Select 你的目标元素更具体然后你可以使用:
result.parent.parent.find('a',href=True).get('href')
但我建议使用以下示例。
例子
from bs4 import BeautifulSoup
import requests
headers = {'User-Agent': 'Mozilla/5.0 (Windows NT 10.0; Win64; x64) AppleWebKit/537.36 (KHTML, like Gecko) Chrome/62.0.3202.94 Safari/537.36'}
url = f'http://www.google.com/search?q=beautiful+soup'
r = requests.get(url, headers= headers)
soup = BeautifulSoup(r.text, 'lxml')
data = []
for r in soup.select('#search a h3'):
data.append({
'title':r.text,
'url':r.parent['href'],
})
data
输出
[{'title': 'Beautiful Soup 4.9.0 documentation - Crummy',
'url': 'https://www.crummy.com/software/BeautifulSoup/bs4/doc/'},
{'title': 'Beautiful Soup Tutorial: Web Scraping mit Python',
'url': 'https://lerneprogrammieren.de/beautiful-soup-tutorial/'},
{'title': 'Beautiful Soup 4 - Web Scraping mit Python | HelloCoding',
'url': 'https://hellocoding.de/blog/coding-language/python/beautiful-soup-4'},
{'title': 'Beautiful Soup - Wikipedia',
'url': 'https://de.wikipedia.org/wiki/Beautiful_Soup'},
{'title': 'Beautiful Soup (HTML parser) - Wikipedia',
'url': 'https://en.wikipedia.org/wiki/Beautiful_Soup_(HTML_parser)'},
{'title': 'Beautiful Soup Documentation — Beautiful Soup 4.4.0 ...',
'url': 'https://beautiful-soup-4.readthedocs.io/'},
{'title': 'BeautifulSoup4 - PyPI',
'url': 'https://pypi.org/project/beautifulsoup4/'},
{'title': 'Web Scraping und Parsen von HTML in Python mit Beautiful ...',
'url': 'https://www.twilio.com/blog/web-scraping-und-parsen-von-html-python-mit-beautiful-soup'}]
1。
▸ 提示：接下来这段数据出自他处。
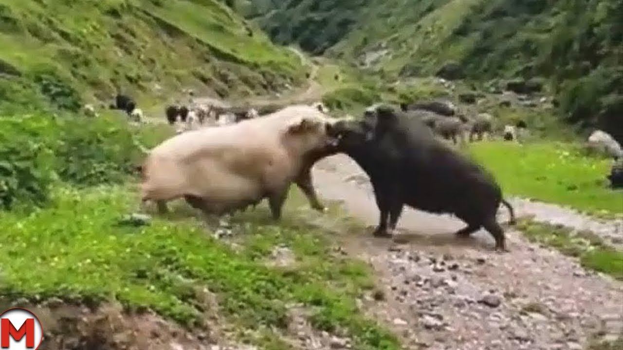 Свинья Атакукет Кабана! Схватки Животных Снятые на Камеру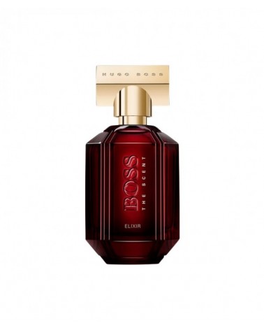 BOSS The Scent Elixir para mujer. Esta versión concentrada de BOSS The Scent for Her original es una fragancia cautivadora que combina granos de pimienta rosa intensos y la hipnótica atropa belladonna con un toque seco de ámbar.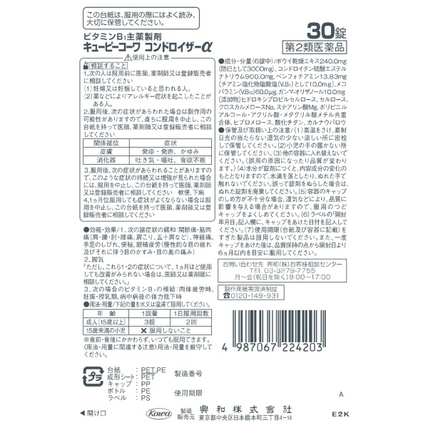 큐피코와 콘드로이자알파 30정 코와 > 콘드로이틴 제제
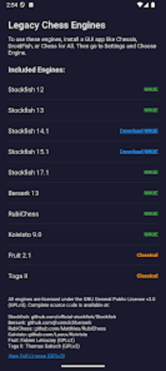 Legacy Chess Engines เป็นแอปพลิเคชัน Android ฟรีที่มีการรวบรวมเครื่องยนต์หมากรุก UCI ที่ทรงพลัง 10 ตัว แอปพลิเคชันนี้ออกแบบมาเพื่อรวมเข้ากับแอป GUI หมากรุกยอดนิยม เช่น Chessis, DroidFish และ Chess for All ทำให้กระบวนการปรับปรุงประสบการณ์การเล่นหมากรุกของคุณง่ายขึ้น ผู้ใช้สามารถติดตั้งแอปได้อย่างง่ายดายและเลือกเครื่องยนต์ผ่านการตั้งค่าของ GUI หมากรุกที่ต้องการ โดยมีการค้นหาเครื่องยนต์อัตโนมัติผ่านโปรโตคอล Open Exchange (OEX) ซึ่งช่วยขจัดการกำหนดค่าด้วยตนเอง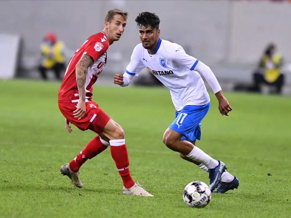 Juan Camara Mesa si Stefan Baiaram in meciul de fotbal dintre Dinamo Bucuresti si Universitatea Craiova, contand pentru Liga 1 Casa Pariurilor, desfasurat fara spectatori pe Arena Nationala din Bucuresti, duminica 18 octombrie 2020. © FOTO:Razvan Pasarica/SPORT PICTURES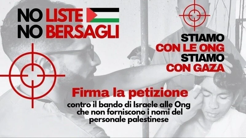 Noi operatrici e operatori della sanità e associazioni che operano per la pace, in difesa dei diritti umani e del diritto internazionale esprimiamo la nostra solidarietà a Medici Senza Frontiere, a Oxfam e a chi delle 37 ONG a cui Israele ha negato il permesso di operare a Gaza rifiuterà di consegnare alle autorità israeliane le liste del proprio personale palestinese, ritenendola una richiesta incompatibile con i principi umanitari e con il dovere di protezione dei lavoratori e delle comunità assistite. Questa decisione coraggiosa non è un atto di sfida: è un imperativo etico e legale.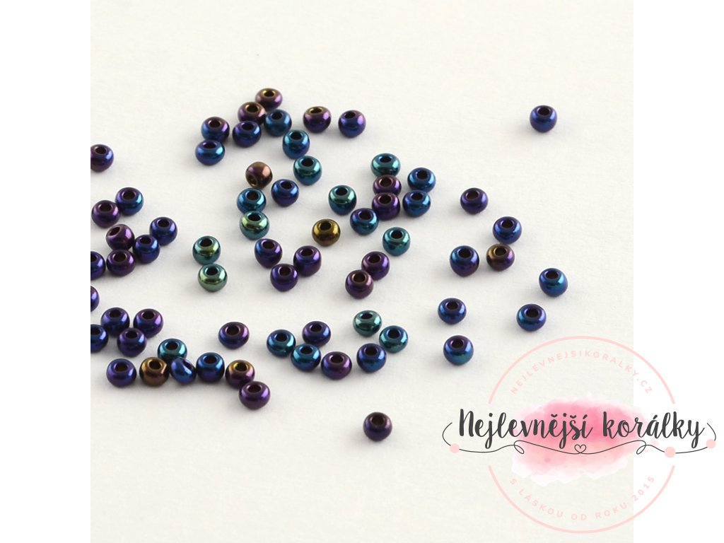 Skleněný rokajl - metalicky duhový - třída A - 2 x 1,5 mm - 1 g

它将 return 来自 HTML 的所有 <h3>
元素,包括“相关搜索、视频、人们也问”等部分的文本,在这种情况下,这不是您要查找的内容。
gresults = soup.findAll('h3')
2。这种搜索方法在某些情况下很好,但在特定情况下不是首选,因为你这样做有点盲目或成像,如果其中一个 .parent
节点(元素)消失,它会抛出错误。
不要执行所有这些操作,而是调用适当的 CSS
选择器(下面的更多内容)而不执行此方法链接,这可能是不可读的(如果有'有很多父节点)。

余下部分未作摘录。